Known weaknesses and future ideas

“Event” is a poor choice of class name as it can mean so many different things (particularly in OO or Event-driven programming). I wish I had used "HumEvent" instead, but I haven’t gone back and changed it.

At present, it is only possible to create an “event_description.json” on disk and use it to instantiate an Event object. It would be helpful to be able to create an Event object in code and write out the config file.

Recipes and Layer Properties

Relevant files config_verify.py, data_schemas.py, label_class.py, layer_properties.py, map_cookbook.py, map_recipe.py, and recipe_atlas.py

Functionality

  • Reading in json files is reinforced by config json.schema files.
  • The hierarchy of objects:
MapCookbook
 \-MapRecipe (1, many)
    |-RecipeAtlas(0, 1)
    \-RecipeFrame (1, many)
       \-RecipeLayer (1, many)
          |-LabelClass (0, many)
          \-Data schema (0, 1)

The numbers in () are min and max permitted numbers of each object.
  • Recipes and Layer Properties can be regarded as two tables in 3NF. Joined at the point of reading files. (“layername” is the primary-key in LyrProps and the foreign-key in Recipe).
  • Round-robin serialisation and optional fields - mean that these classes can (and should) be used as a state object.
  • config_verify.py merely checks for self-consistency

Known weaknesses and future ideas

Would like to separate MapCookbook into multiple files.

File Naming Conventions

Relevant files check_naming_convention.py, name_clause_validators.py and name_convention.py

Functionality

  • The code only encapsulates generic naming convention classes.
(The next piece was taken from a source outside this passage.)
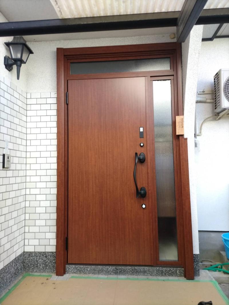 玄関ドアのリフォームをさせていただきました。 LIXIL リシェント玄関ドア3 断熱仕様 電池錠 片袖ランマ付L M17型 ポートマホガニー色 アルミ...

The MapAction “Data Naming Convention” (along with “mxd naming convention”, “layerfile naming convention”, “pdf naming convention”, etc.) exist only as configuration files.
  • A convention must have a regex that divides the name into multiple clauses, and then a means to test each individual clause.
  • Currently, it can enforce CSV lookup based clauses and free-text clauses.
  • The code makes heavy use of “named tuples” - not sure I would do that again.

Known weaknesses and future ideas

Create a Clause Validator to test geometry clauses for shapefiles/feature clauses.

Create a Clause Validator to test the version number clauses for MXDs.


Generic Exporter

Relevant files data_source.py map_data.py map_doc.py map_report.py map_result.py and xml_exporter.py

Functionality

  • Handles export of metadata related to maps for onward distribution.
  • A lot of this was migrated (with minimal changes) from the earlier versions of the ArcMap automation plugin.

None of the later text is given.